Some of these problems should be addressed during the roll out, where other should be addressed in your application architecture.

The architecture

Some of the problems raised above can be tackled by following a typical fan-out / fan-in pattern or a master / worker pattern. This works especially well for the Checkly use-case because users do not interact directly with the workers.

fanout

In Checkly’s case, the architecture is as follows:

  1. A cron process pushes a check to an SQS queue. Each check is a JSON formatted message and represents one run for one check in a customer’s account.
  2. Workers subscribe to a queue.
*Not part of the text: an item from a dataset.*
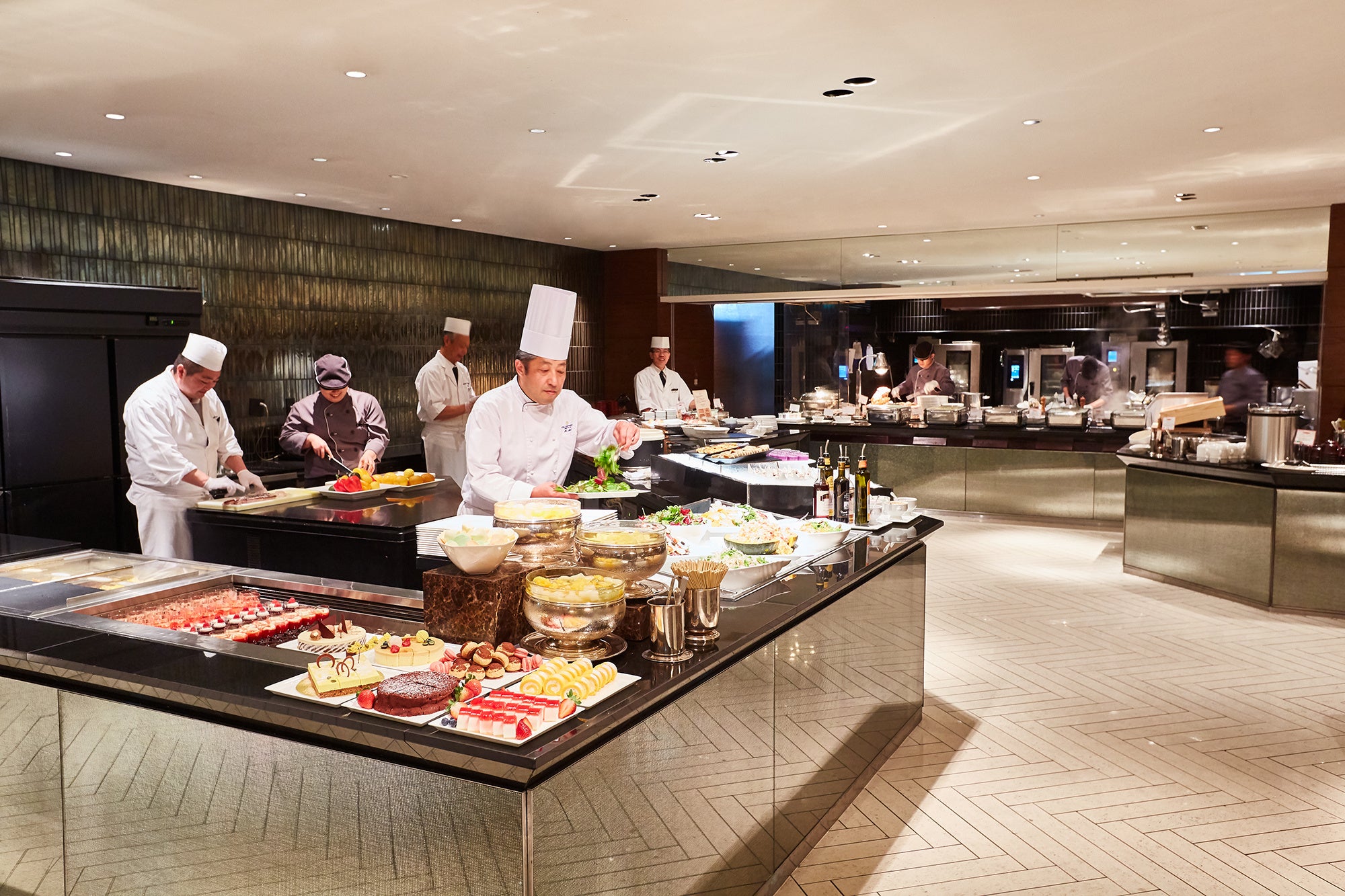 「一品ひと品がスペシャリテ」、「シェフの心が息づく躍動感あふれる海辺のオールデイダイニング」がコンセプトのシェフズ ライブ キッチンは、「ヘルシー・ビューティー・フレッシュ」をテーマにした美味しいメニューを心ゆくまでお楽しみいただけ、元気で美しくなれるようなシェフの心遣いを感じていただけるレストランです。こだわっているのは“出来立ての美味しさ”と“心に残る楽しい時間”を提供すること。常に新しいシーンをご提案できるよう、美味しさと楽しさを追求し続けています。

There are 5 active workers per EC2 instance. The worker is a Node.js process in a Docker container. Docker is not a necessity, but makes deploying easier as you’ll see in the next chapter. The worker uses the SQS consumer library. When a job finishes, it calls a done()callback which deletes the message from the queue.
  3. If work is not finished successfully, the done() callback is never called or is called with an error done(err). This triggers SQS specific behaviour where the message becomes visible again in the queue and other workers can pick it up. This is key, as we are now free to kill a worker without missing any work. This is an SQS function but comes with almost any queueing platform.
  4. If work is finished successfully, the result is posted to another queue for processing and storage.

Applying this pattern solves our architecture related problems to the pattern’s inherent load balancing and decoupling attributes. Of course, this pattern also allows for pretty easy scaling. More messages === more workers.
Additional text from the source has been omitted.